Using Math To Design Cities And Supercomputers
caek writes "If you've played Sim City you've wrestled with one of the problems faced by supercomputer designers. Unfortunately there's no GameFAQs.com for the technical staff at Japan's Earth Simulator or Srinidhi Varadarajan and colleagues at Virginia Tech. True enough, they won't have to deal with rising crime or Godzilla but, as hinted at in a recent paper in Journal of Physics A, the physical layout of a massively parallel supercomputer is fundamentally the same problem as minimizing the time commuters spent stuck in traffic jams. Read the rest of my kuro5hin article for a popular explanation."
Just make the city a big parking lot.

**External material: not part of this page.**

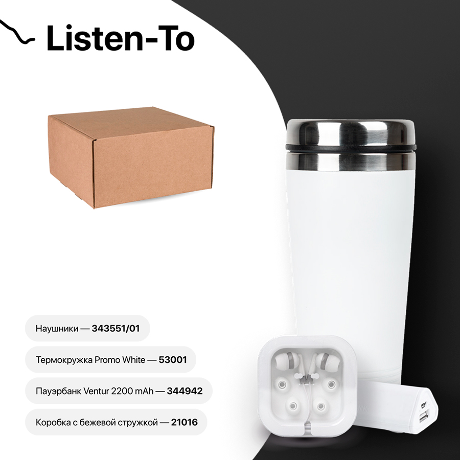 Набор подарочный LISTEN-TO: термокружка, зарядное устройсво, наушники, коробка, стружка, белый

With roads that lead to nowhere?
The most powerful SimCity bot ever created!! Oh, and I suppose it can be used for other stuff too.
At the time when I was involved with preliminary design of HTMT petaflops supercomputer (yes, it is petaflops, as in million gigaflops, see, for example, here), anyway, one of the problems which would require a supercomputer with this this kind of performance was real-time optimization of car traffic in a city the size of Manhattan, NY.
Paul B.
Look at this city design. Instead of trying to create better routing of commuters, it eliminates the whole problem of commuting.
San Francisco added a nice touch to this with their BART system. In some places, they build the rapid transit right up the freeway median. When you're stuck in traffic on the freeway, and the train blows past you at 80 MPH, it tends to make you think, "I wish I was on that!"
Thanks for your perspective.
I think you may have glossed over a point.
The City must establish LINEAR High speed transit corridors.
Because only LINEAR transit routes can achieve - Rapid - as in faster than an SUV - transportation (After you figure in the cost of waiting around)
Deliberate Haste doesn't mean kicking people out of their homes - it does mean allocating the region for change. - and insisting that any changes - result in higher density outcomes.
Those neighbourhoods are nice precisly *because* they have no high desnsity housing.
This is perception.
When I was in Egypt I stayed in a resort - it was very high density - but also a very nice neighborhood. We had gardens, pools, beaches - well you get the idea.
If cities would reward high density housing with resort grade amenities - they could reclaim their air.
Sure - only one row of houses can really have a nice view - but the theory of shared resources says its better that MORE PEOPLE have this view than fewer.
And housing does not HAVE TO completely ruin the natural beauty - there are aztec designs - and a variety of old world looks which have natural appeal.
The most important task is to alter public opinion - that living near railroad tracks in tenement buildings is sexy.
Making sexy trains, and sexy tenement grounds is the solution to clean air.